Asked 21/11, 2014 at 6:10 Answered 24/5, 2022 at 4:44

My Question is what's the use of creating string object in string pool as well as on Heap when we declare String as String a = new String("abc"); What is the advantage ?

And why not we create string in heap when we create string as String a = "abc".

Dejadeject answered 21/11, 2014 at 6:10 Comment(3)

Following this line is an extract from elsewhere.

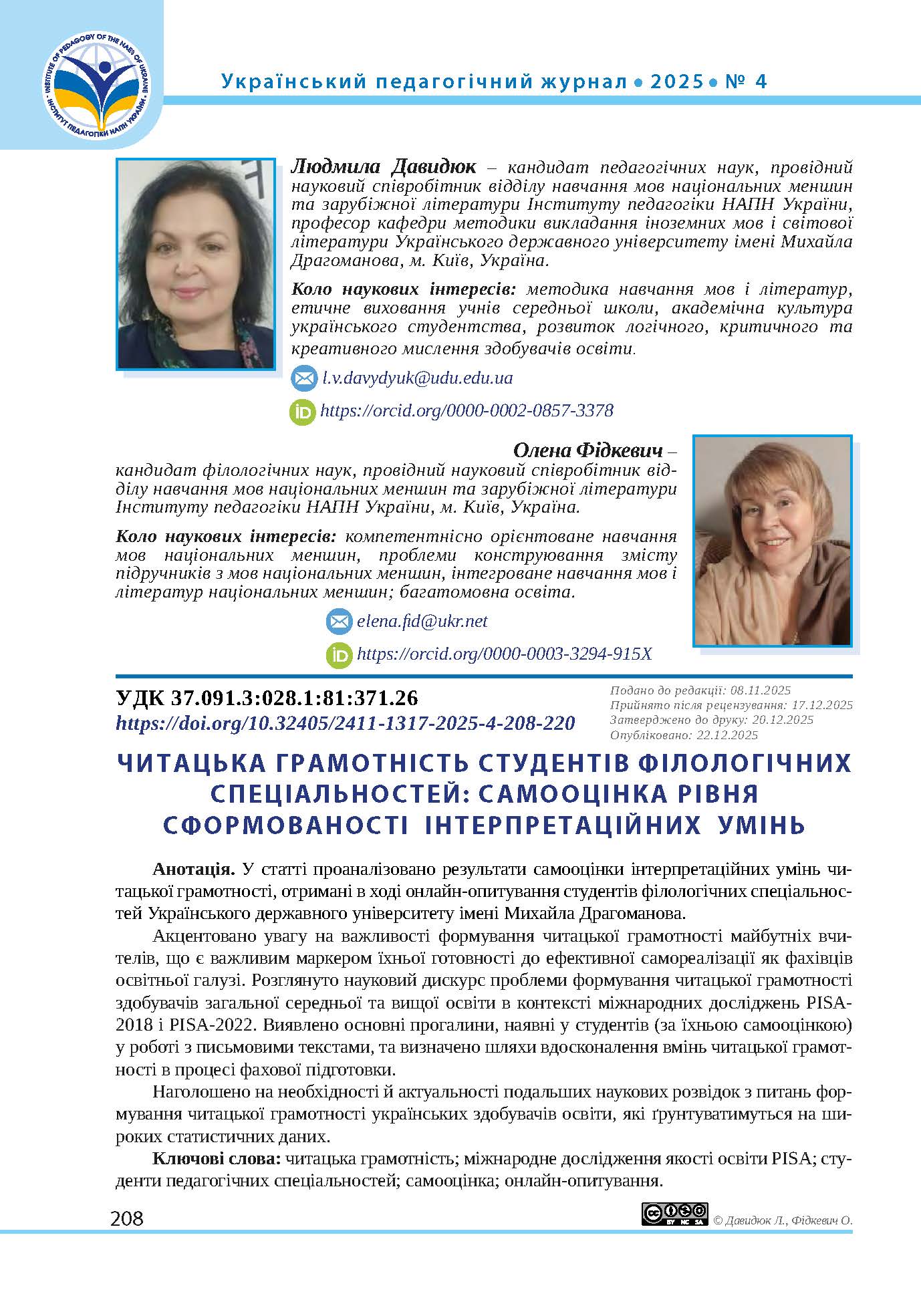 Fidkevych, O. L. (2024). Shchodo pytannia zmistu poniat «chytannia z rozuminniam» ta «chytatska hramotnist». In Kompetentnisno oriientovane navchannia: vyklyky ta perspektyvy: zbirnyk tez IV Vseukrainskoi naukovo-praktychnoi internet-konferentsii, pp. 99-102. Kyiv: Osvita (in Ukrainian).
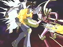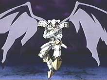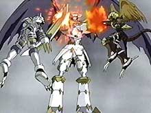 Emerging from the rubble of still more destroyed land comes Dynasmon (the passionate warrior) and Crusadermon (the indifferent warrior)....also known as the Royal Knights. Why would the Royal Knights, known as defenders of right, align themselves with Lucemon? They believe it is Lucemon who will restore order and warns everyone not to interfere.

That new does not create a string pool entry. The literal does that before you even call new. If you do new String(a), nothing is created in the string pool. – Proclus 21/11, 2014 at 6:33

"What is the advantage?" No advantage. Only downsides. This is why this use of the String constructor is discouraged. – Proclus 21/11, 2014 at 6:35

Also note that the compiler does a similar thing for primitive wrappers. Integer x = 123; also does not create an object in the heap (it takes it from a pool, same as with Strings). – Proclus 21/11, 2014 at 6:36

The java language was designed like that. Anything you use between double quotes is a compile time constant and goes into the String pool. So, in your case :

String a = new String("abc");

"abc" will be resolved as a compile time constant and thus will be added to the String constants pool for the current JVM.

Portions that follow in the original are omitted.